One thing is safe to predict: that nothing is stationary and everything keeps evolving and shifting in our world. Change is the only constant and artificial intelligence is likely to disrupt the ways service providers connect with customers: as we’ll transact differently, revenue generation will be impacted. Certain silos as Sales, Marketing and Revenue Management will all be effected and will likely move (maybe by merging?) towards new ways of harnessing the power of data and leveraging technology.
As voice is gradually taking over other types of inputs (e.g. for search) and digital assistants start taking over mundane task completion from wake-up calls, daily news reading and location finding to sourcing and purchasing consumer goods, it is an inevitable consequence that more and more travel products will also be sold through Google Assistants, Alexas, Siris and other similar platforms. The purchase decision may be reserved to humans for now, but the searching and curating can be seamlessly conducted by AI. One key question arises: are service providers ready to start marketing to digital assistants instead of human eyeballs when a vacation or an accommodation product is the subject? How much different will that be in the key product variables when instead of instructing a personal digital assistant to book a ride to the airport, the request will be to book a flight or a weekend getaway package to Vegas or a cruise to Alaska? This new phase in connecting with customers will come sooner than we think.

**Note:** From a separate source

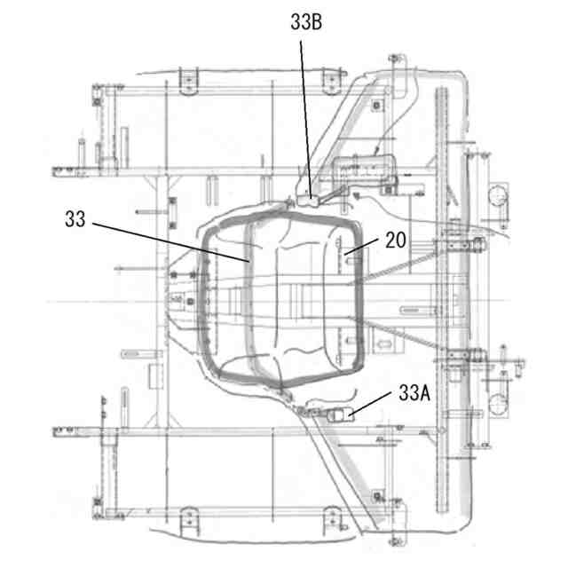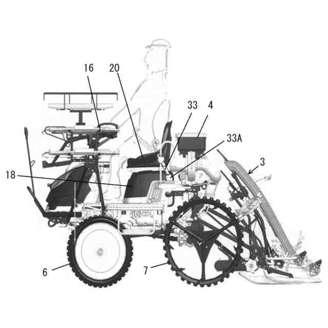 請求項3の発明は、エンジンカバー18上に設けた操縦席20の左側部にシートベルト引出部33Aを車体1に取り付け、操縦席20の右側部で車体1に設けるシートベルトロック部33Bとの間で操縦席20に座る作業者を保持拘束するシートベルト33を設けたことを特徴とする請求項1に記載の乗用作業車の操縦装置とする。

The need to cater to both evolving customer needs and for meeting income targets set by owners and investors will be stronger than ever for hotels. The technology is an exciting new tool but it won’t turn lousy customer service into satisfactory or a dead hotel location into a coveted place to stay. Revenue professionals will use the understanding of the potential upside of meaningful consumer insights, faster and better analytics, constant connectivity and responsiveness without forgetting that the fundamentals of hospitality never change. The future of Revenue Management is exciting and it is unfolding not exactly as we thought it would even a decade ago. However, looking forward is important. Preparing ourselves for the future will help us deal with the changes much better.
The future of Revenue Management is likely to be more than total revenue management or lightning fast market report generation or individualized room rate adjustment on the fly. If the fine balance between human strategy formulation, decision making and the application of artificial intelligence is found, good things are likely to happen.